Not so easy…

It’s so easy, they keep telling me – you just stick the stalks in the ground and they will grow. I see it growing everywhere, the cangkuk manis

Cangkuk manis
*Archive photo*

…and unfortunately, though that was exactly what I did, nothing ever came out of it.

This time around, I did get some leaves out of the many stalks that I planted – about half of them simply dried up eventually so I pulled them out and threw them away. The rest did sprout some leaves but a lot of them were eaten by pests…

Eaten by pests

…and this was all that I could harvest…

My miserable harvest

…from all my effort in planting my own.

After tearing them into bits…

Torn

…I think I only had a few spoons of the vegetable left.
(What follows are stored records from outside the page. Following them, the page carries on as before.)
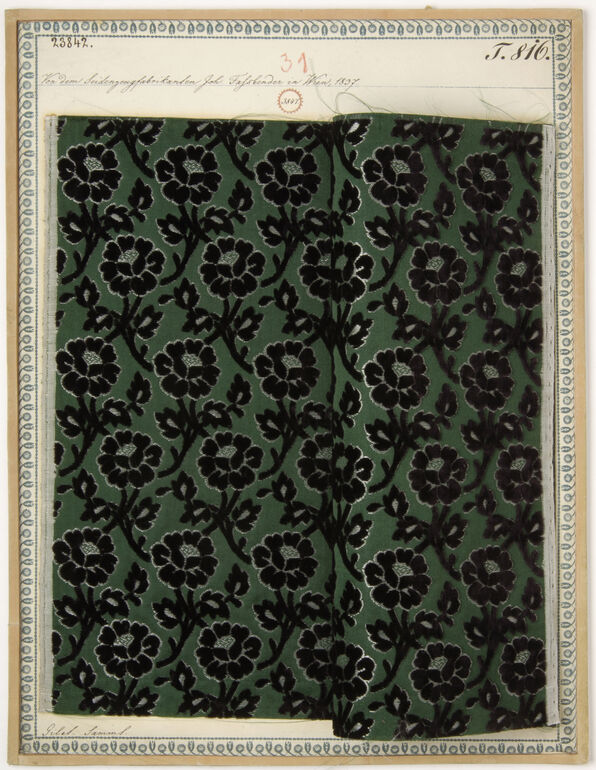 - Beschriftung (Vorderseite) : Aus Joh. Fassbender's Seidenzeugmanufactur in Wien, 1840. / Gilet-Stoffe.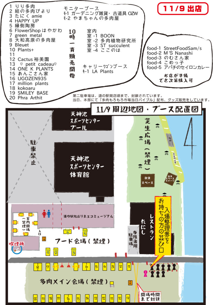 ※9:40には多肉会場入り口、集合 ※配布開始時間まではスタッフいません。時間までは並んでお待ちください。 | ※9:40には多肉会場入り口、集合 | ※駐車可能は 道の駅開店時間頃から | ※駐車可能は 8:00~15:00 |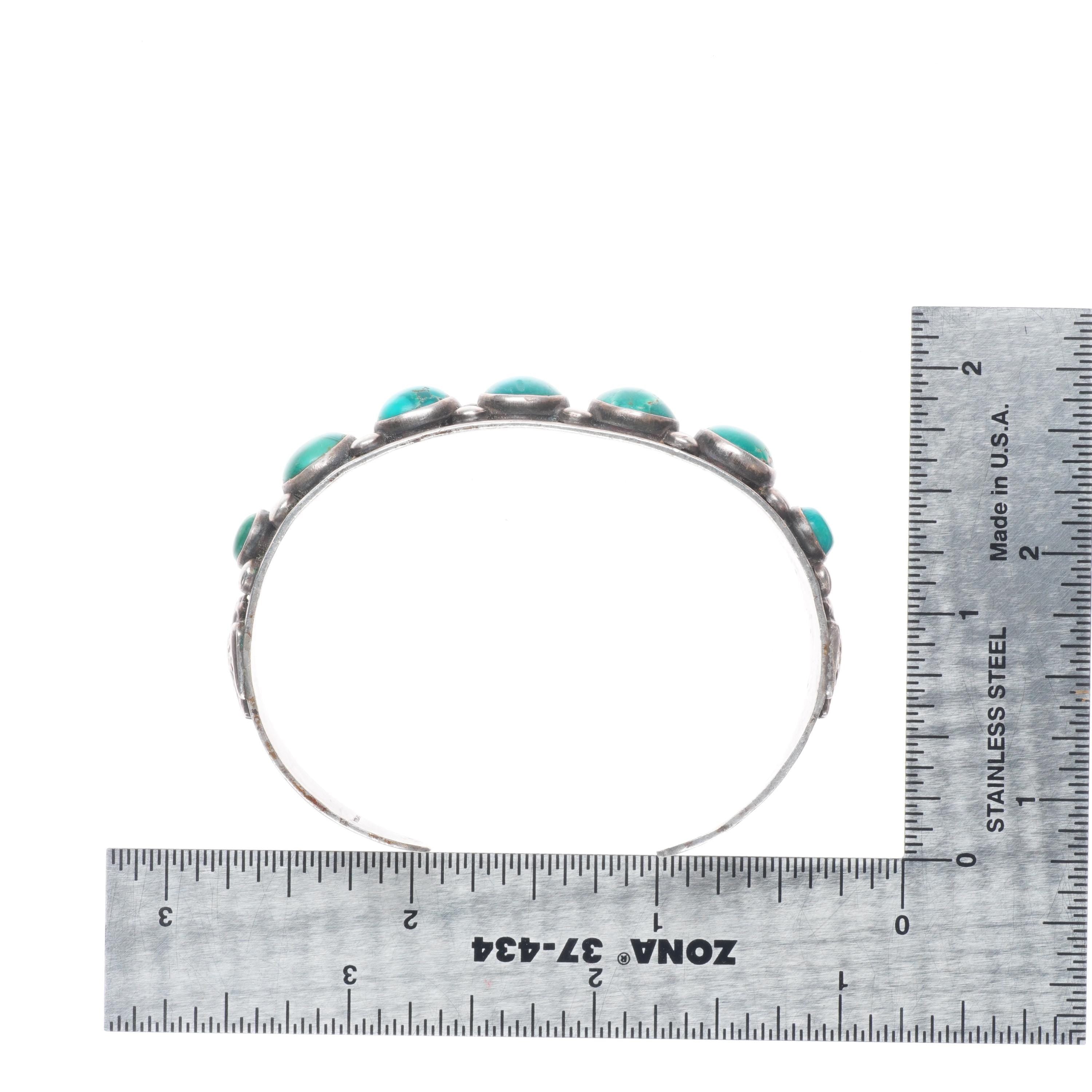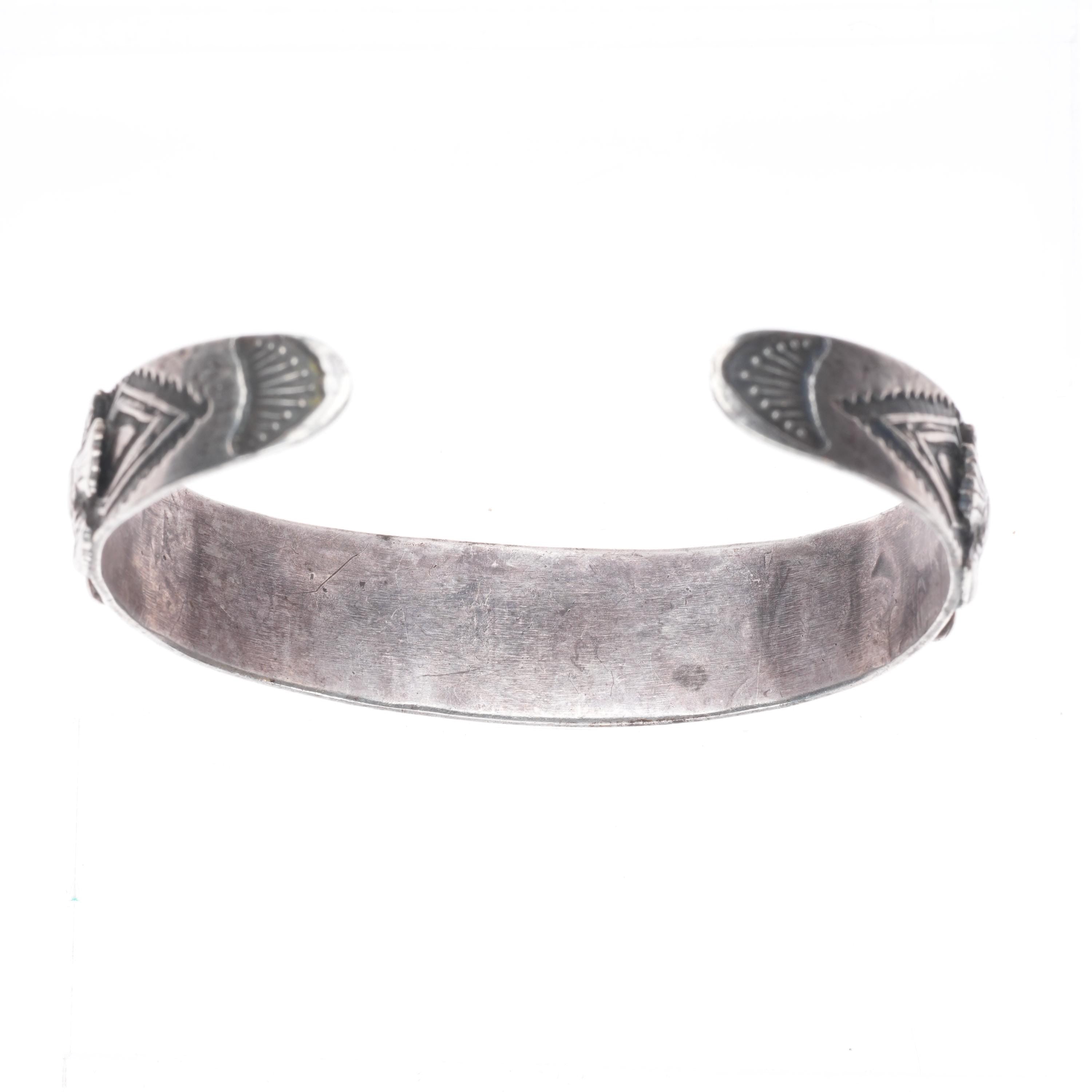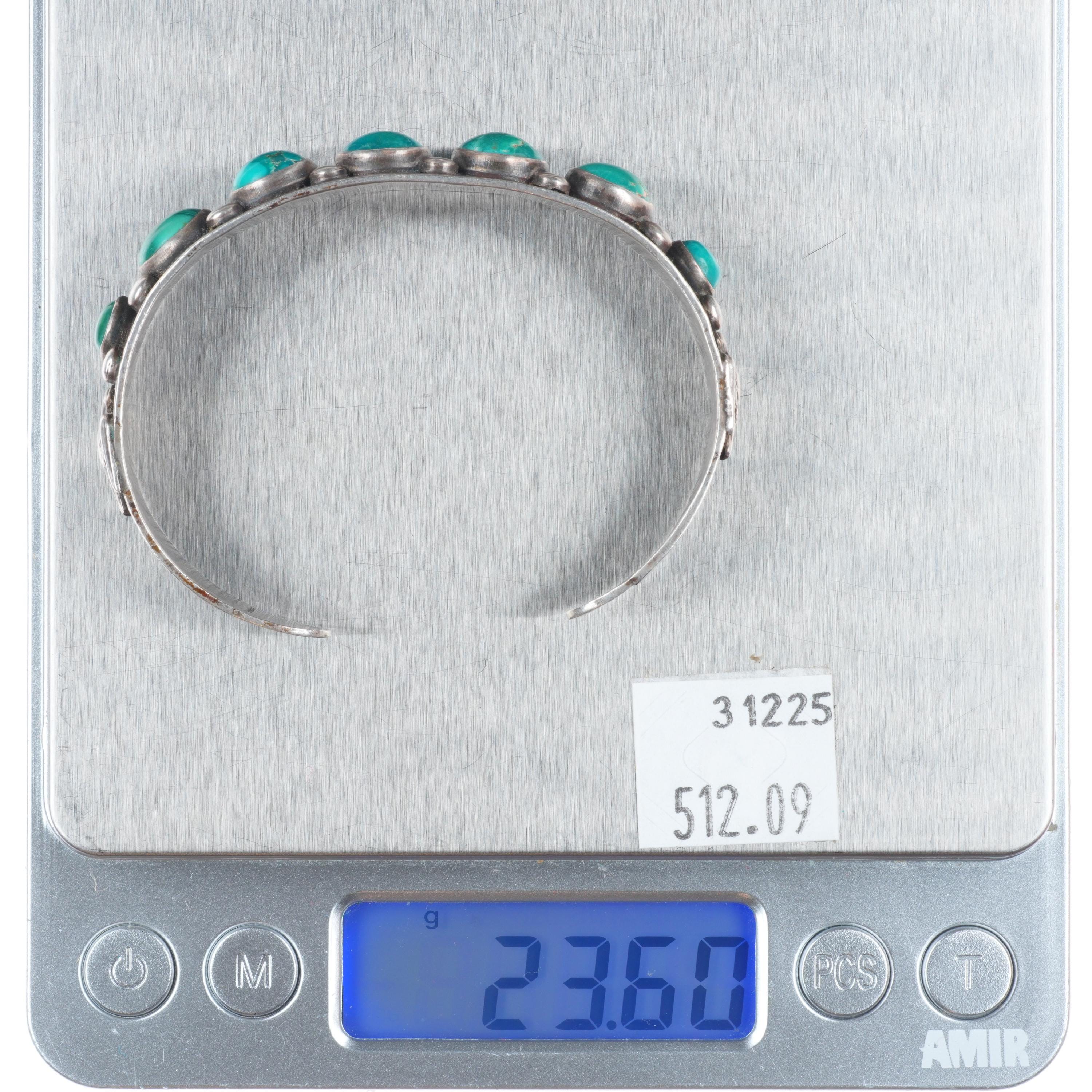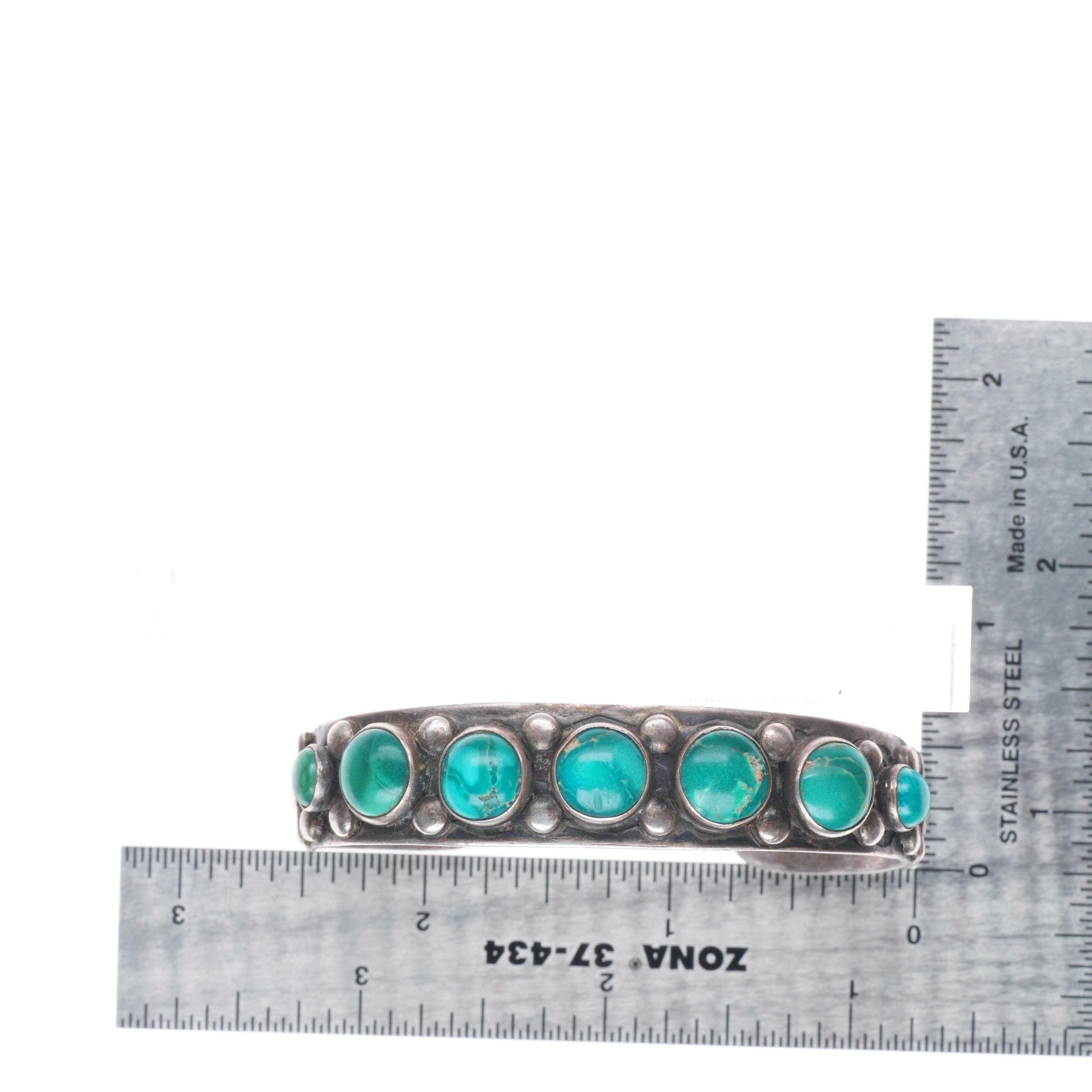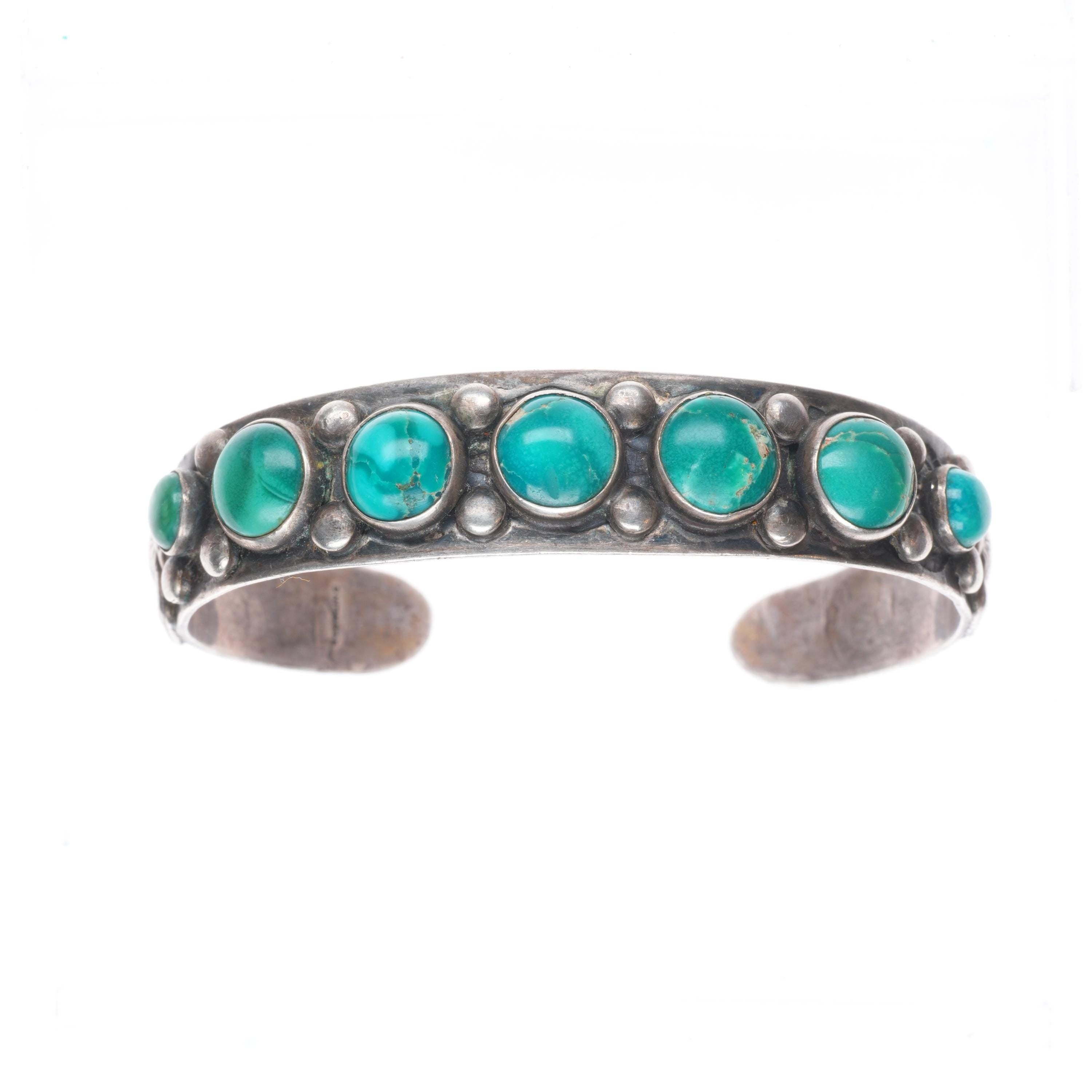 6.25" 1930's Navajo thunderbirds turquoise row cuff bracelet sterling silver. Tested and guaranteed solid sterling silver with weight and measurements in pictures. Overall expected wear with apparent circa second quarter of the 20th century with some expected overall wear but no damage..

Never mind! Something is better than nothing and I decided to cook the Melanau kampung-style sayur rebus with the little that I had. There was some pumpkin in the fridge so I decided to use a bit of that. Otherwise, sweet baby corn would be  a great combination as well. Of course, there are a whole lot of other possibilities – I did blog about some of them before – and one is as nice as the other.

The basic ingredients needed would be some belacan (dried prawn paste) and chili…

Belacan chili and pumpkin

…and ikan bilis (dried anchovies) to make the stock for the soup but I did not need the latter that day as I would be adding a few of the freshwater prawns…

Freshwater prawns

…that I bought and used around half of them to cook my udang masak kunyit, another ethnic Melanau kampung-style delight.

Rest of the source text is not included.